§ **Input**:
____________________

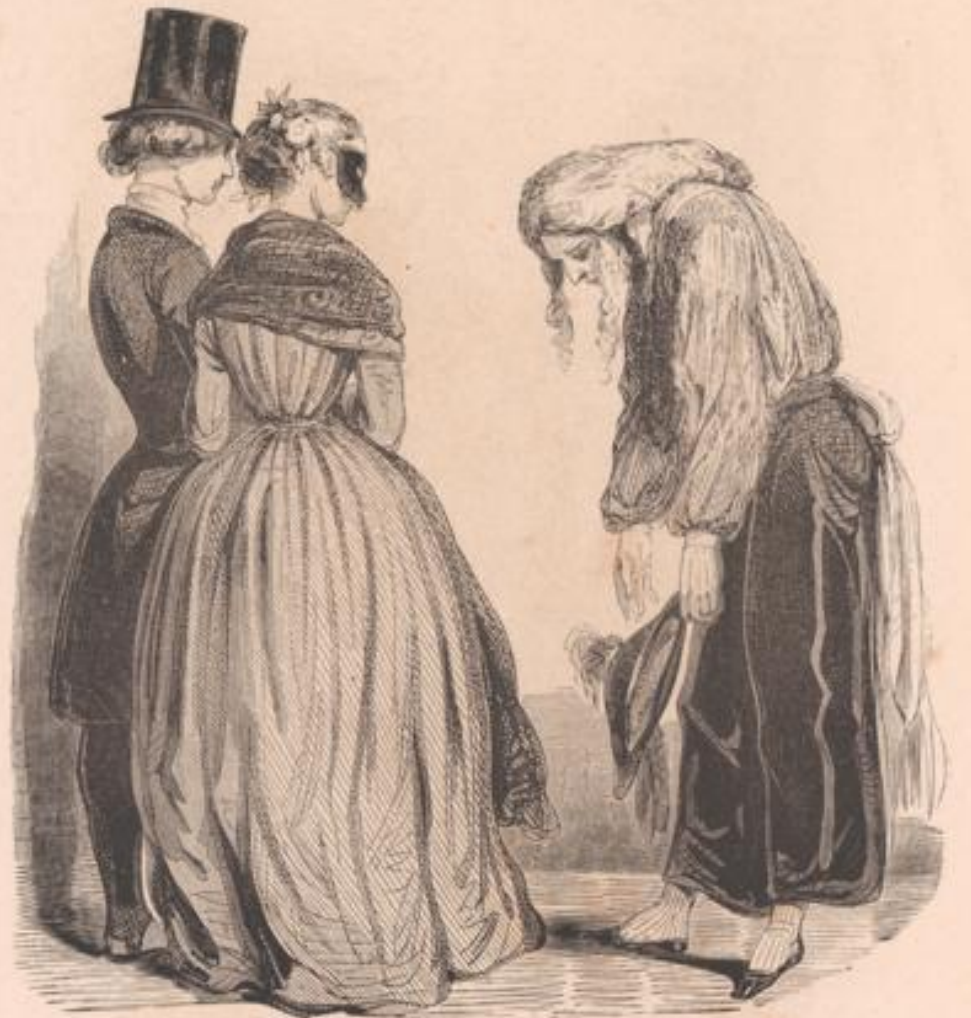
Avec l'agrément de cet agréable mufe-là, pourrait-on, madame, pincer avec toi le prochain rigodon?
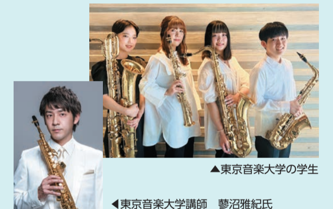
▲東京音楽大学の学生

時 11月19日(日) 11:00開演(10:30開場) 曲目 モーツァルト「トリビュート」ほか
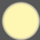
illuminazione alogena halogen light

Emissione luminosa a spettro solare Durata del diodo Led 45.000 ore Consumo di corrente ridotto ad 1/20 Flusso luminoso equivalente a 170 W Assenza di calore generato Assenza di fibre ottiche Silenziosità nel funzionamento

____________________

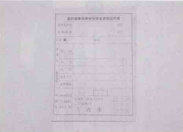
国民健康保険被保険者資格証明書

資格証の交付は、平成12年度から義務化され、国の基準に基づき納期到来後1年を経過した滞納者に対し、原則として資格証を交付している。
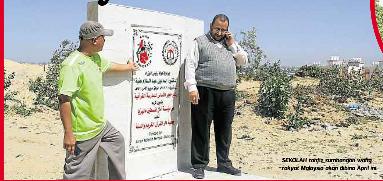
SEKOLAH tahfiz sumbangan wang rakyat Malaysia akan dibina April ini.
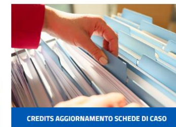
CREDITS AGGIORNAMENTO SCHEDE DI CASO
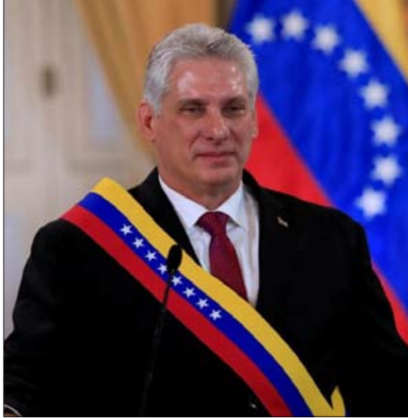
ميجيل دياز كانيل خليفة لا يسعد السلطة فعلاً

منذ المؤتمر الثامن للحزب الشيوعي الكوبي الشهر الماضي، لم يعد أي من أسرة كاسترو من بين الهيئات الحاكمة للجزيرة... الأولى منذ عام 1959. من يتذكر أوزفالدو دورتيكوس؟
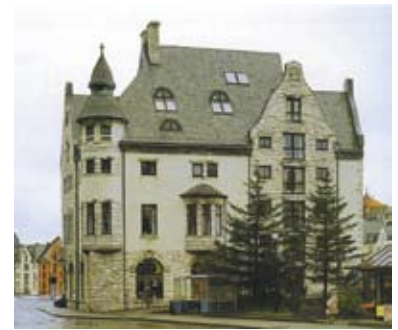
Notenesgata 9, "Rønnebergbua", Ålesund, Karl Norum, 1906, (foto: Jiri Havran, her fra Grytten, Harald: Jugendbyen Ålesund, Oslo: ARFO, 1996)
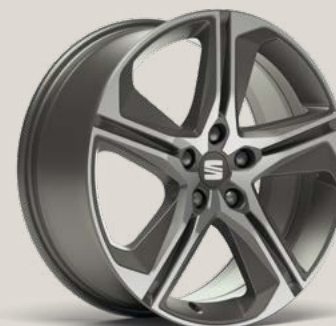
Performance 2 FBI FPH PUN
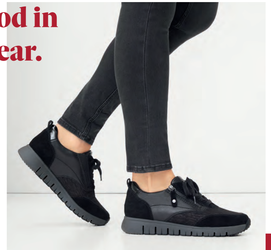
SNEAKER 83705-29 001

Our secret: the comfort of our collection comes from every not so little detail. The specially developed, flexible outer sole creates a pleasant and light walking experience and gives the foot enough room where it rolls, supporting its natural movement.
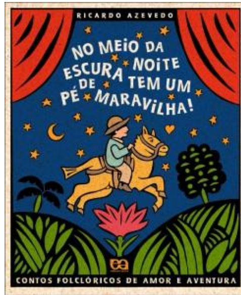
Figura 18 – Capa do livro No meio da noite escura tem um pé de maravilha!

____________________

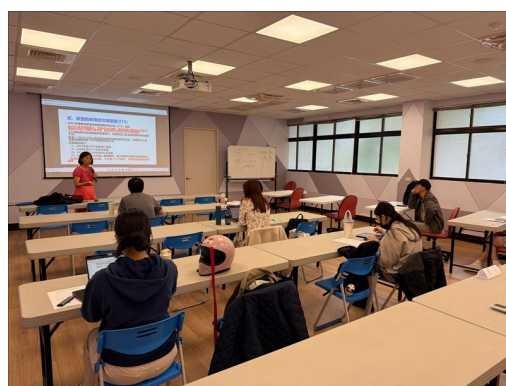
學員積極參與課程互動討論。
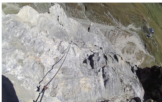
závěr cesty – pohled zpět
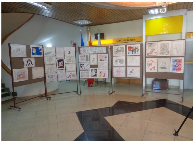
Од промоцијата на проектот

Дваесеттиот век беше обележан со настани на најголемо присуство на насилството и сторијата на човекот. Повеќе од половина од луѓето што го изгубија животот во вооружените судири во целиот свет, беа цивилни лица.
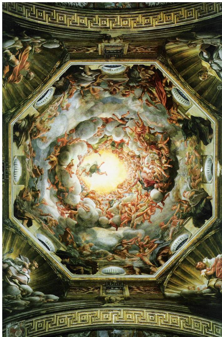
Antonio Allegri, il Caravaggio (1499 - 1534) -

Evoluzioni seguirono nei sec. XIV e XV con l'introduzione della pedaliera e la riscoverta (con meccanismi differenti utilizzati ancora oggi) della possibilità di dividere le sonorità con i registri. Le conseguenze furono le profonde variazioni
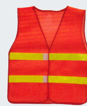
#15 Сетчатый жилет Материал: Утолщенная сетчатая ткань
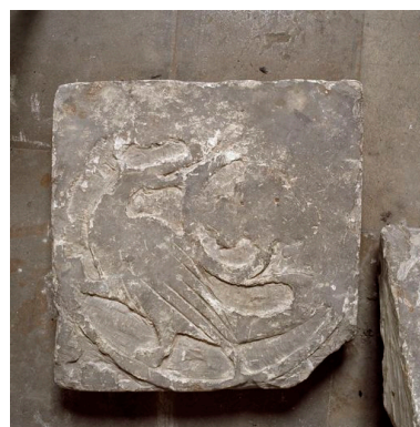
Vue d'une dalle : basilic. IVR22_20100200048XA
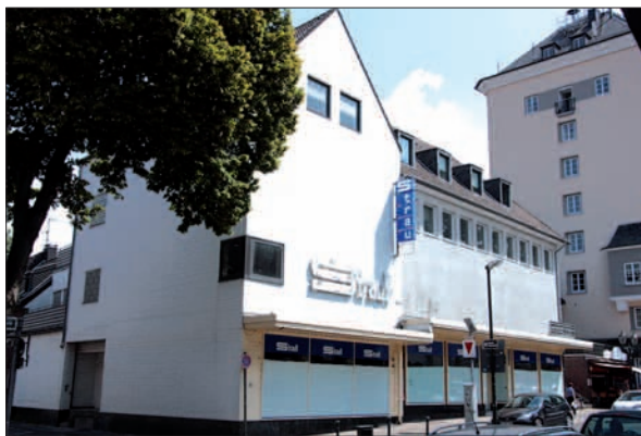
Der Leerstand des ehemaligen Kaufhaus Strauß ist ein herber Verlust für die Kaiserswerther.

____________________

§ **Task**:
In the listing above, find the line holding "SNEAKER 83705-29 001" and the line holding "Figura 18 –". Reproduce those two lines and all between them exactly, leaving out pictures.

§ **Answer to the exercise**:
SNEAKER 83705-29 001

Our secret: the comfort of our collection comes from every not so little detail. The specially developed, flexible outer sole creates a pleasant and light walking experience and gives the foot enough room where it rolls, supporting its natural movement.
Figura 18 – Capa do livro No meio da noite escura tem um pé de maravilha!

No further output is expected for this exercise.